Di unos pasos y observé el lugar que me rodeaba. Solo distinguí a personas normales, es decir, personas que no parecían haber muerto. Todas estaban sentadas en unas bancas negras esperando sus turnos. La mayoría poseía un celular en sus manos, otras cuidaban a pequeños niños, otras miraban al televisor que estaba colgado en la pared. Cerca de este logré ver un cartel de Salida que colgaba del techo, este mismo para mi suerte tenía una flecha que guiaba hacia la derecha.

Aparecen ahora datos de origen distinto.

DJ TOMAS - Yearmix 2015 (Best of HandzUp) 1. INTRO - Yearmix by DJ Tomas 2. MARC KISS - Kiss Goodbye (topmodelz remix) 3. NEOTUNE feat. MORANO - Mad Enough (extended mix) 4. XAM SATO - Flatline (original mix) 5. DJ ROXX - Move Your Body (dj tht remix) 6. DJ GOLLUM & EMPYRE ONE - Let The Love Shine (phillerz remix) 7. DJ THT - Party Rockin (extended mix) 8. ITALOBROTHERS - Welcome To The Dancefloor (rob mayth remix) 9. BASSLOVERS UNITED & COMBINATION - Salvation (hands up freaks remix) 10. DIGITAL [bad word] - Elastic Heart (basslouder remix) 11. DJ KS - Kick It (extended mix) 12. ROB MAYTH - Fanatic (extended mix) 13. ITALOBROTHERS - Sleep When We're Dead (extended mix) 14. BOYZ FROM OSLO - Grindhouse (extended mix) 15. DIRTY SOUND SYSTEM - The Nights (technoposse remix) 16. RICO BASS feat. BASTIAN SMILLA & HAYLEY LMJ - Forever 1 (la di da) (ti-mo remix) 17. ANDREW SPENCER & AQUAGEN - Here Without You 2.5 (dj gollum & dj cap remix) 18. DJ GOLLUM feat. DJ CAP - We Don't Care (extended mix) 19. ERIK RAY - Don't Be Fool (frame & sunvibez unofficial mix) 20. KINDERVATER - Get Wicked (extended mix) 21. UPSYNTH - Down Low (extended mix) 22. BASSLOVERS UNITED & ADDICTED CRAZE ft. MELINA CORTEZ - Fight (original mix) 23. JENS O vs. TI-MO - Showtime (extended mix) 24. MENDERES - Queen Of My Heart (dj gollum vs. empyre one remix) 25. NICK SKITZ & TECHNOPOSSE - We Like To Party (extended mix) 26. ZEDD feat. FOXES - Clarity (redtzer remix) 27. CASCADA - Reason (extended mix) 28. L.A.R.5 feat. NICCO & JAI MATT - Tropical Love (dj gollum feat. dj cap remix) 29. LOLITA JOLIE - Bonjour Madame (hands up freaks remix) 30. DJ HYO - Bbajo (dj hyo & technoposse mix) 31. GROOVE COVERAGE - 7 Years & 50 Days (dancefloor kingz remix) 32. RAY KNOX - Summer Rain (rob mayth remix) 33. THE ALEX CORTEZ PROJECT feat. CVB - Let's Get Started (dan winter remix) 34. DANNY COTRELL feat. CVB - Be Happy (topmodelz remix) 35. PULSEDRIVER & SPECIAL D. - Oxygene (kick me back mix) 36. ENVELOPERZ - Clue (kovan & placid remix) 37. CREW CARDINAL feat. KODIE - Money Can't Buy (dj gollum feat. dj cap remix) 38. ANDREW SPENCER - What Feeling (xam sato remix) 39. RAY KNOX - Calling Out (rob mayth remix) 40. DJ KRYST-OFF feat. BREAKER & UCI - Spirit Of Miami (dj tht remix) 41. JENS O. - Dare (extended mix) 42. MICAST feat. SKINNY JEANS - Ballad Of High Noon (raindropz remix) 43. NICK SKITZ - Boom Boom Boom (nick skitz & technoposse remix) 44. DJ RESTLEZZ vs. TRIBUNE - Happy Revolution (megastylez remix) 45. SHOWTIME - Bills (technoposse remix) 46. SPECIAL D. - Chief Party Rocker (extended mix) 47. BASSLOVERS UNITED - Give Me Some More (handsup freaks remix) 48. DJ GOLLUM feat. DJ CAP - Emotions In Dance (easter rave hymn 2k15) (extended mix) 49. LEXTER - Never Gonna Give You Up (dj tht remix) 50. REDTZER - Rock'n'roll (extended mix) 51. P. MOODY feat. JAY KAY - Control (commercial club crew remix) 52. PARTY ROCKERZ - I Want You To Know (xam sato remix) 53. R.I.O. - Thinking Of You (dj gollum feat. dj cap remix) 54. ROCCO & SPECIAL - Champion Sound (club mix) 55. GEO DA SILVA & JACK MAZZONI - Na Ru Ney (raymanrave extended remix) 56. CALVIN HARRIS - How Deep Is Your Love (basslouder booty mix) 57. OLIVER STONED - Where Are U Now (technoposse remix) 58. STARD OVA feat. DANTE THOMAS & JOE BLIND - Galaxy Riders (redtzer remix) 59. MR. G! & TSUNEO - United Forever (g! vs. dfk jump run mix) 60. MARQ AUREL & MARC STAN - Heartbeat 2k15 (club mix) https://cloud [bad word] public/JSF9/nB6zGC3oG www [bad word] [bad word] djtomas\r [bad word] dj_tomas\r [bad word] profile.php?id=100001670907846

Comencé a caminar a dicha dirección mientras observaba curiosa las distintas escenas que encontraba en mi camino: secretarias con decenas de papeles encima, un par de doctores que corrían por los pasillos y más pacientes en espera. Me dio mucho temor de que alguien me reconociera y saliera a mi acecho. ¿Pero qué se podía esperar al ver a una jovencita vestida como lo habitual? Pues, nada. Nadie, a pesar de verme de reojo, supo de quién se trataba. Nadie supo que aquella chica era una paciente que se estaba dando a la fuga.

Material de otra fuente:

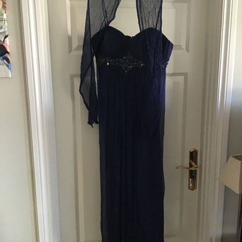 Rustrød lang kjole med treperler rundt halsen, str S, 36/38

Llegué a la puerta de salida y observé muy bien hacia afuera antes de abrirla. El día se veía soleado. En la calle y en la acera encontré a personas caminando o conversando con otras, detenidas a un costado. Los nervios volvieron a cubrir mi cuerpo nuevamente, hasta que suspiré decidida y abrí la puerta para salir.

Nada de sonidos alarmantes. Nada de cosas propias de otro universo. Caminé unos pasos, bajando los escalones de la entrada del hospital con cuidado, mientras veía a mi alrededor. Personas que estaban allí afuera, algunas normales y otras preocupadas, esperando algo o a alguien. La única sorpresa que me pude llevar fue el no ver autos o motocicletas en la calle, ni ningún otro medio de transporte a excepción de un par de bicicletas.

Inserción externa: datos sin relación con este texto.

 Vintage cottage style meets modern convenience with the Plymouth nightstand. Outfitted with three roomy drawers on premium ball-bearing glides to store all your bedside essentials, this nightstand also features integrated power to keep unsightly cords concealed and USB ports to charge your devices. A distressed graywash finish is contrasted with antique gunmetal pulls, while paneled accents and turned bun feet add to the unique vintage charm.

Llegué a la acera y di un vistazo general. A mi derecha había una esquina vacía. A mi izquierda, un extenso camino para llegar a la otra esquina, donde se encontraba una farmacia. Miré enfrente. Había un kiosko pintado de negro.

Y allí fue en donde sentí que mi alma intentó saltar de mi cuerpo.

Reconocí todo aquello. Esa parte de esa calle, el kiosko, la esquina, el hospital...

Era mi ciudad. Estaba en mi ciudad.

¡Mi increíble y bonita ciudad!

—Lo sabía, ¡sabía que eso era una mentira! —susurré instantáneamente, mientras que en mi rostro se formaba una extensa sonrisa de felicidad.

Dejé de lado los nervios, pues ahora una alegría enorme reinaba en mi cuerpo. ¡Estaba viva! O al menos eso creía.

«Si estaba muerta, ¿entonces qué hacía en la ciudad en dónde había nacido y crecido?»

Crucé la calle por la senda peatonal, llegando a la acera del kiosko, y giré a la derecha para comenzar el camino a mi hogar. Estaba segura de que iba a llegar a casa y sería recibida por mamá, quien a esas alturas debía estar planeando el almuerzo. Después de todo aquella era la ciudad en la que vivía.

Porque a pesar de todo, no existe nada como el hogar ni la familia.